Data shown
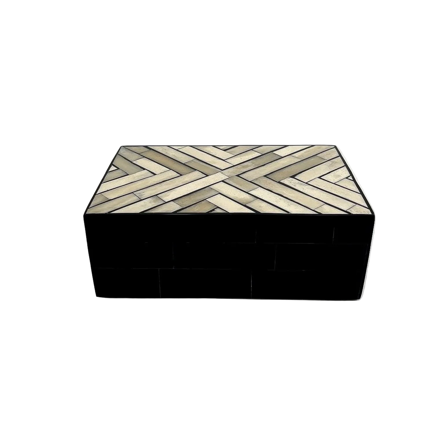 Scatola decorativa dal design sofisticato, caratterizzata da un elegante contrasto tra la struttura nera opaca e il coperchio intarsiato con motivo geometrico a spina di pesce. Le tonalità naturali e le variazioni materiche creano un gioco visivo raffinato, capace di catturare lo sguardo con discrezione.
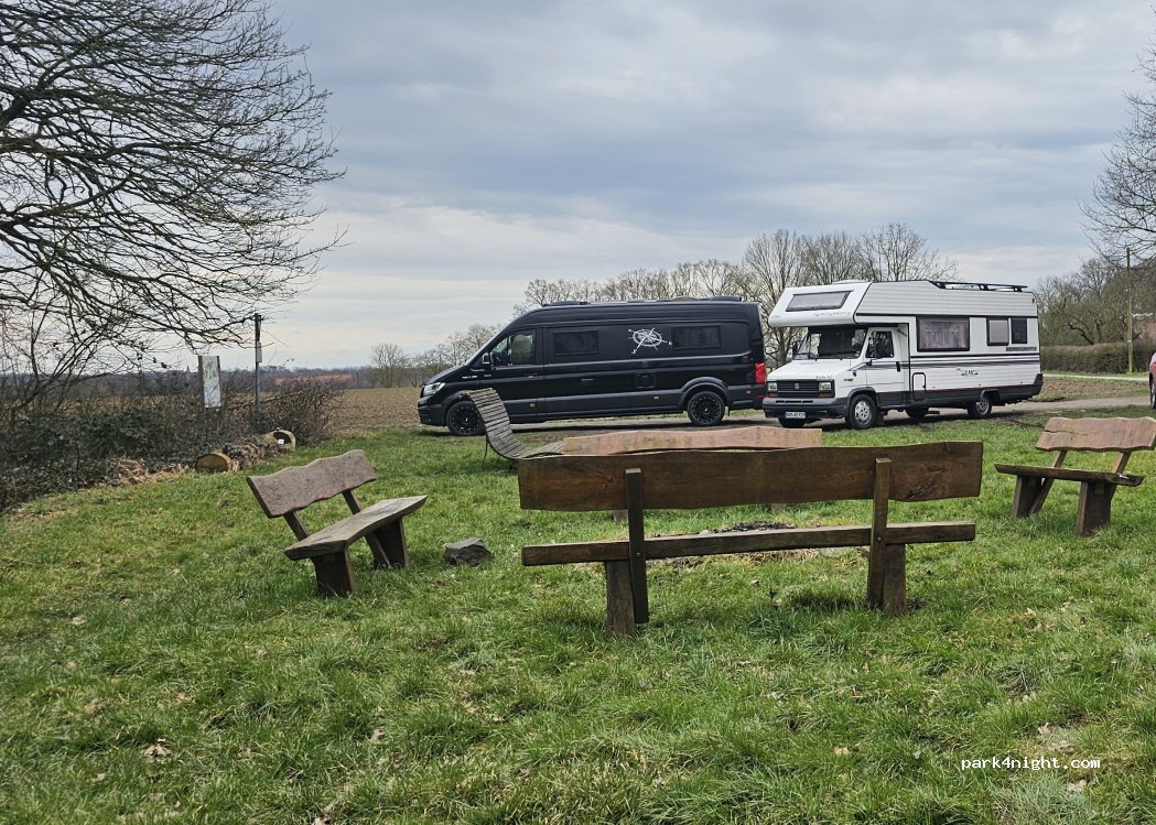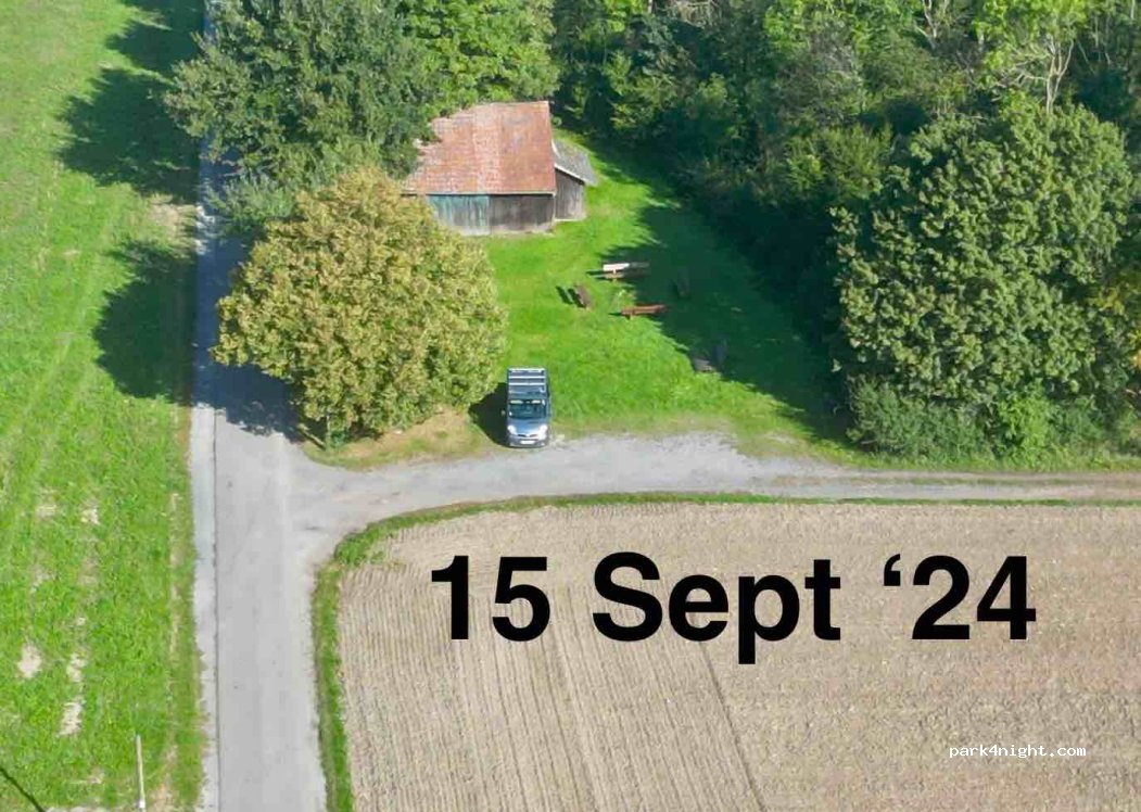 A beautiful spot in the middle of the countryside. The nearby road mostly travelled by bicycle and foot. A small flat spot will best accommodate small <6m vans parked perpendicular to allow for other cars. Plenty of wooden seating, one table and a bin provide all the services you need. Saturday night, I stood alone with no problems.
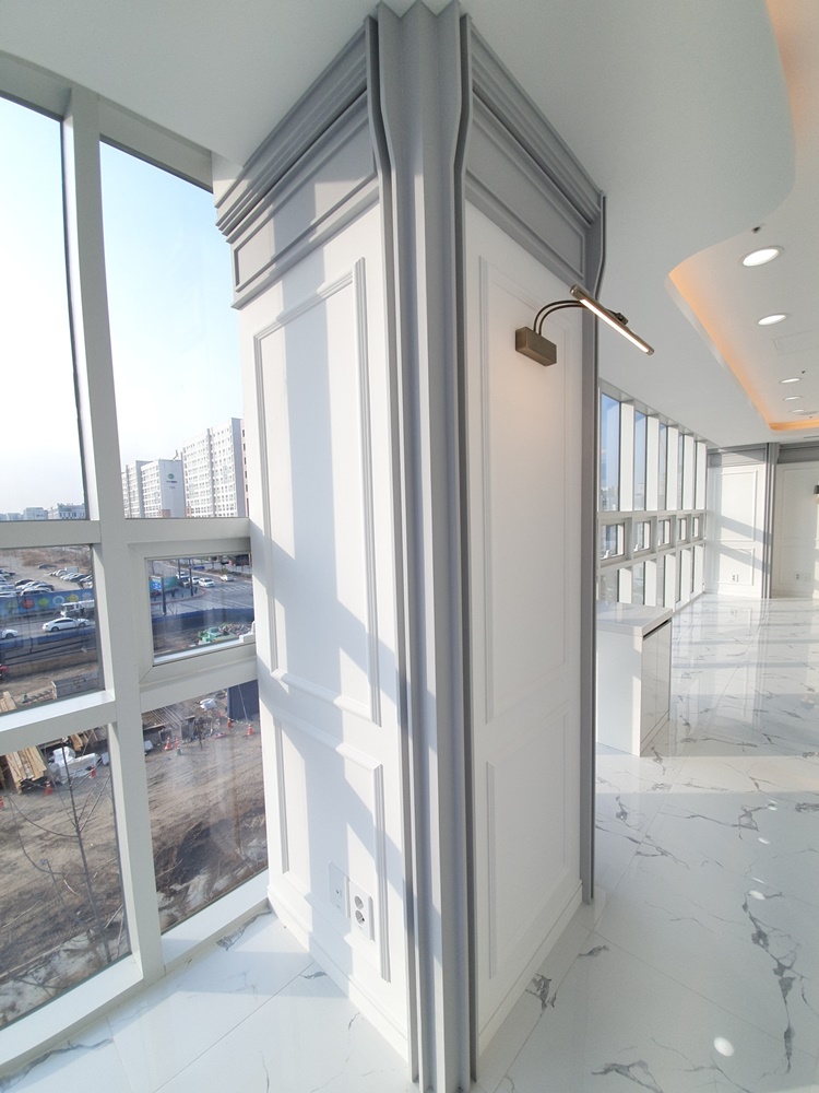 공간에 위치해있던 기둥에 몰딩, 웨인스코팅 등의 인테리어 디자인을 더해 호텔식의 럭셔리한 기둥으로 탈바꿈 해드렸습니다. 시공 전, 애매하게 서있어 애물단지 같아 보였던 기둥이었는데 단조로운 색으로만 마감하지 않고 화이트와 그레이 컬러로 마무리하고 보니 꽤 멋스러운 모습을 뽐내고 있네요. 클래식하면서 모던한 느낌의 벽부등도 한 목 해준 것 같아 디자이너로서 참 뿌듯한 현장이었습니다. 시공을 하다보면 현장에서 변수가 생기는 일들이 종종 있는데요,

What this task involves
Starting with the line that contains "A beautiful spot" and ending with the last line of the data above, transcribe exactly those lines and no others, without pictures.

Output of the exercise
 A beautiful spot in the middle of the countryside. The nearby road mostly travelled by bicycle and foot. A small flat spot will best accommodate small <6m vans parked perpendicular to allow for other cars. Plenty of wooden seating, one table and a bin provide all the services you need. Saturday night, I stood alone with no problems.
 공간에 위치해있던 기둥에 몰딩, 웨인스코팅 등의 인테리어 디자인을 더해 호텔식의 럭셔리한 기둥으로 탈바꿈 해드렸습니다. 시공 전, 애매하게 서있어 애물단지 같아 보였던 기둥이었는데 단조로운 색으로만 마감하지 않고 화이트와 그레이 컬러로 마무리하고 보니 꽤 멋스러운 모습을 뽐내고 있네요. 클래식하면서 모던한 느낌의 벽부등도 한 목 해준 것 같아 디자이너로서 참 뿌듯한 현장이었습니다. 시공을 하다보면 현장에서 변수가 생기는 일들이 종종 있는데요,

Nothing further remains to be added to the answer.